My husband loves mushrooms! It’s about the only vegetable I can get him to eat without resistance! I add it to a lot of dishes I make, but I don’t usually make them as a dish by themselves. I had some extra mushrooms. I had bought them to make a particular dish and I ended up never making it, but I didn’t want the mushrooms to go bad. So, I looked around for some mushroom recipes and stumbled across one on allrecipes.com. It called for cooking Sherry, which believe it or not, I actually didn’t have in the house! I did, however, have a dessert Sherry from a local winery that Rob and I both enjoy. I thought I’d give it a try – and the result was delicious!
The smokiness of the paprika along with the sweetness of the sherry was a spectacular combination!! If you don’t have this, don’t worry – cooking sherry will work just fine!
1/2 tsp. chopped garlic
2 cups sliced fresh mushrooms
1 tsp. paprika
1/4 cup cooking sherry (or Pahrump Valley Winery Dessert Creme Sherry!)
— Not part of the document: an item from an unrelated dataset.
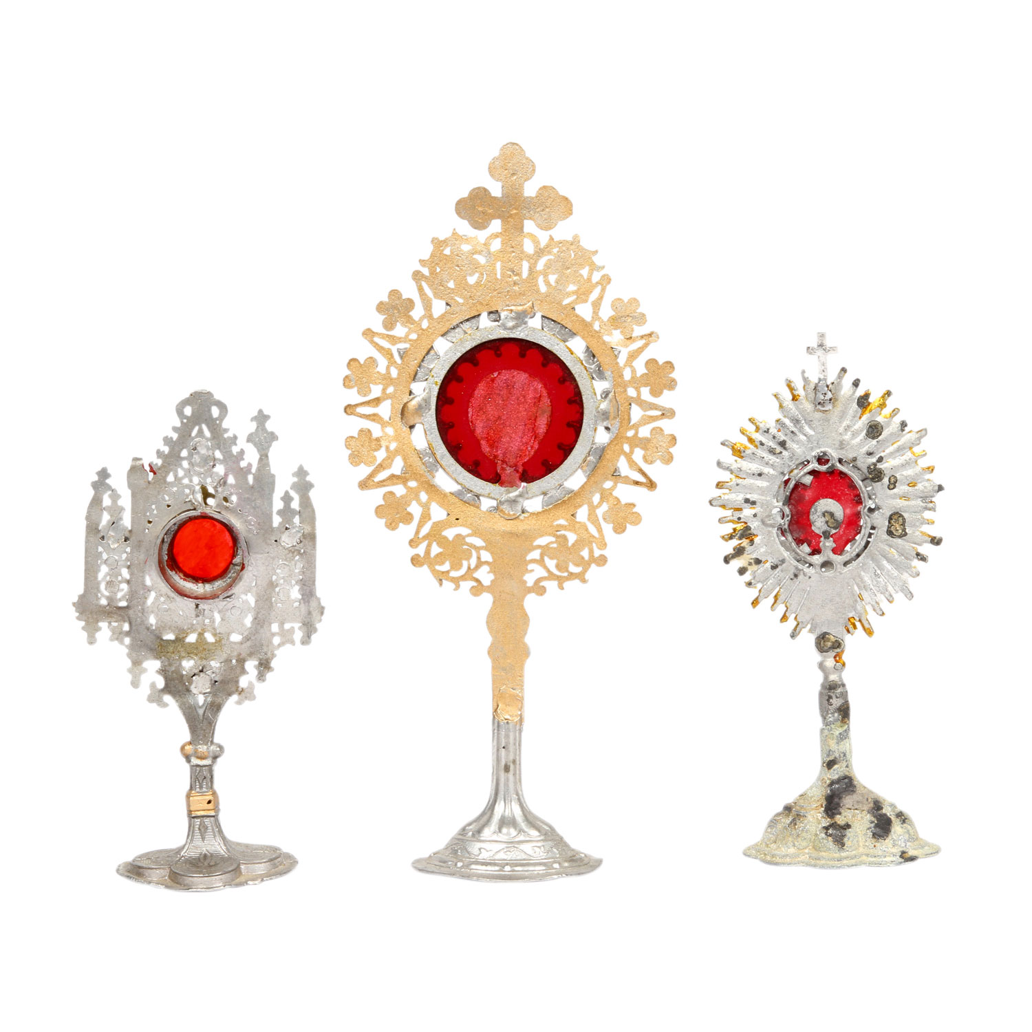 Mixed lot of three monstrances, 19th/20th century, pewter, 1x w. Set with stones. Signs of age, 1x missing part, h. approx. 10/15 cm.

Salt, Pepper, Onion Powder, Garlic Powder to season
2 Tbsp. olive oil
1) Heat olive oil in a large skillet. When the oil is heated, add the chopped garlic and gently cook until lightly browned. About 1-2 minutes.
2) Add the sliced mushrooms and cook about 3-4 minutes. Season with salt, pepper, garlic powder, and onion powder. Add paprika and sherry.
3) Mix well and cook another 3-4 minutes.